NEWS
12/01/2024
Bitcoin spot ETF at last, stocks firmer before CPI
Finally – the SEC approved a Bitcoin spot ETF. Amid all the false starts and fake tweets, the actual announcement was greeted with due buy-the-rumour sangfroid – at least initially.
Indeed, SEC chair Gary Gensler was keen to stress that approving a spot Bitcoin ETF is not tantamount to the regulator wrapping its arms around the crypto space in a warm embrace. “It should in no way signal the Commission’s willingness to approve listing standards for crypto asset securities,” Gensler said in an accompanying statement. “Nor does the approval signal anything about the Commission’s views as to the status of other crypto assets under the federal securities laws or about the current state of non-compliance of certain crypto asset market participants with the federal securities laws.”
And he concluded with this: “While we approved the listing and trading of certain spot bitcoin ETP shares today, we did not approve or endorse bitcoin.” What’s interesting is not so much that he doesn’t endorse it, but that he took the pains to say so – he wouldn’t need to say this about any normal ETPs…it shows the rather difficult genesis of this product and the standards by which it is being judged. Indeed, the SEC “is merit neutral and does not take a view on particular companies, investments, or the assets underlying an ETP”.

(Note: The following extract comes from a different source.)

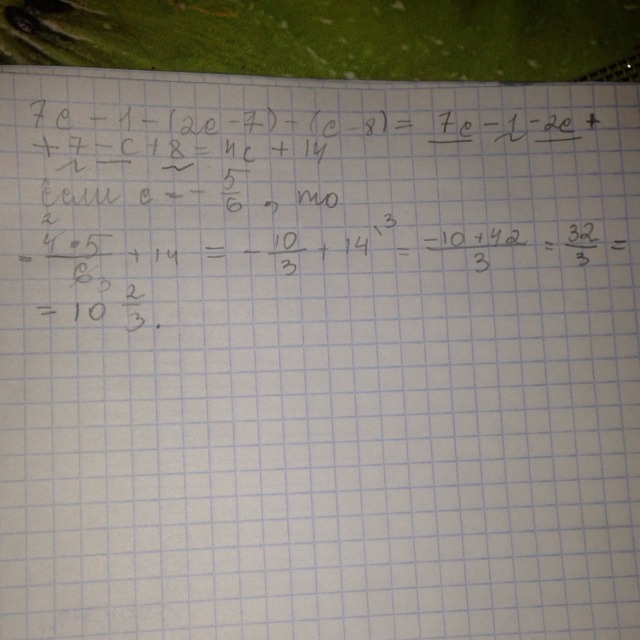 упростите выражение 7с-1-(2с-7)-(с-8) и вычислите его значение при с=-5/6

Fine. But it’s hard to avoid the sense that SEC approval of a Bitcoin spot ETF is tantamount to ‘approval’ of the asset on a more fundamental level. Hence the pains being taken to say otherwise.
Quite how the SEC has come to view the spot Bitcoin market as safe enough I don’t know – the spot market is totally unregulated still. It seems that the SEC has bowed to a huge amount of industry pressure. And CME futures mean there is an existing, regulated venue to provide the level of surveillance etc to discover fraud, manipulation etc…this is up for debate of course, but the SEC seems to have bought the argument of ARK and others that there is enough correlation between spot bitcoin and futures to approve the spot ETF. But this raises a question about what the actual underlying market is – is it the spot, ie physical, market of Bitcoin on exchanges like Kraken etc, or is it really going to be the CME futures derivative that is in charge? The spot market is very immature and basically a hive of fraud, whales and manipulation, albeit very liquid. The futures is not like that…who wins? The implications will be important for Bitcoin as an asset as well as whether investors feel like it’s the kind of place they can do business. A key question is whether the big boys get involved – and by big boys we mean JPM, and Jamie Dimon has not been keen.

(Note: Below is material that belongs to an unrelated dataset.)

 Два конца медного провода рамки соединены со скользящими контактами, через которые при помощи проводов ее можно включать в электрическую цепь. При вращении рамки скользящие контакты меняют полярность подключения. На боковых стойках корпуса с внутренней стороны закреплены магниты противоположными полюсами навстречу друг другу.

So, BlackRock, Invesco, Fidelity and other smaller outfits like VanEck, Franklin and Valkyrie can launch their products. The barriers to entry into the market are a heck of a lot lower today than yesterday, which could unlock a huge amount of buyers and ‘cash on the side-lines’. The ProShares futures ETF pulled in $1bn in its first two days in 2021.
Transaction costs will be lower than with futures, and already the providers are in a price war. Whilst spot Bitcoin ETFs have been available elsewhere, the US market is key expansion in terms of price and breadth – it opens the door to Wall Street. It could see Bitcoin surge in the long run, but so far the reaction has been muted.